Journalism Professor Urges Media to "Report the Hate"

  • 39 Comments
  • by: Colorado Pols

Charles Davis, a journalism professor and Executive Director of the National Freedom of Information Coalition, wrote an interesting column urging the media to report on what’s really happening at many congressional town halls around the country:

Hate, shuffled off stage in the post-racial haze of the election of the nation’s first black president, is back with a vengeance. Hate, if it ever truly threatened to leave the political stage, is most definitely back, larger and nastier than ever.

As a near-absolutist First Amendment advocate, my prescription for hate speech is always more speech: Give the bigot a microphone as big as the hatred, I say, and watch as the marketplace of ideas works its magic.
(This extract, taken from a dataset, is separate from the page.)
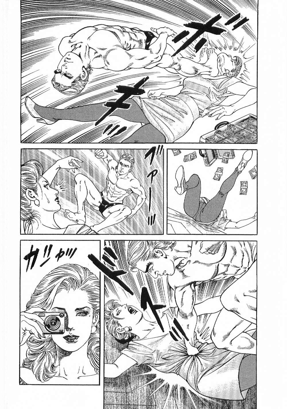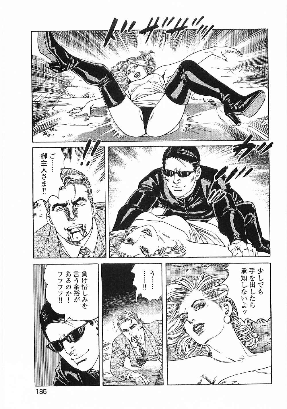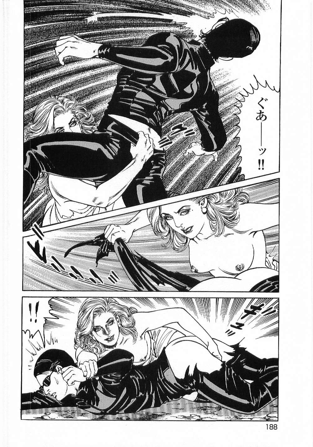 Yukarisu is a shocker who infiltrated a restaurant run by Mitsuba who is under suspicion of having knowledge about the shockers. Eventually, Yukarisu become in love with Mitsuba and beat up any female acquaintance get neared Mitsuba. Mitsuba overheard Tanzaburo (protagonist) and Yuriko (Tackle) talking about the Shockers and introduced himself and told them about his experience with a shocker. Yukarisu had noticed Mitsuba was sitting right next to Yuriko, who is very attractive, and got jealous and decided pose as a student and lured Yuriko, who work as a teacher, into a storage room and transformed into a Shocker in attempt to kill Yuriko. Some Ryona from both sides.
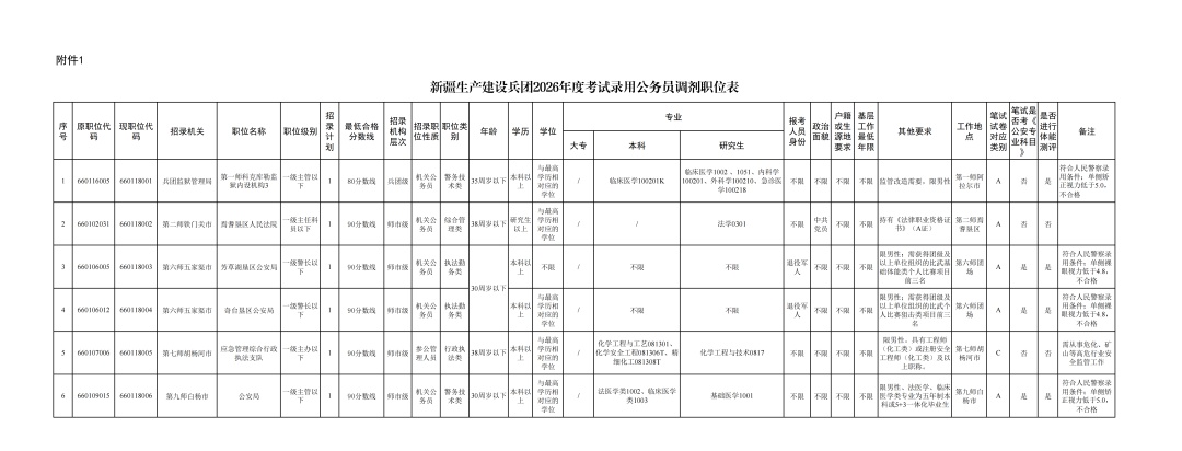 报考者可在本页下载《2026年兵团考试录用公务员调剂职位表》(附件1),查询调剂职位、调剂人数、考试类别、资格条件等。

Perhaps that’s why I worry, as I watch an emboldened mob grow more irresponsible with each passing day, that the mainstream media fails to give hate the coverage it deserves today.

My proposition is simple: Major news organizations need to cover hate the way they once did – as a standalone beat.

I was reminded of the way the news media once treated old-fashioned hate the other day while reading a PBS discussion of a fabulous book, “The Race Beat: The Press, the Civil Rights Struggle, and the Awakening of a Nation.” The Race Beat, co-authored by Hank Klibanoff and Gene Roberts, documents the coverage of the civil rights movement in the South and chronicles in chilling detail what we now recall was a watershed in the treatment of hate as, well, morally repugnant behavior that we as a nation just weren’t going to stand for.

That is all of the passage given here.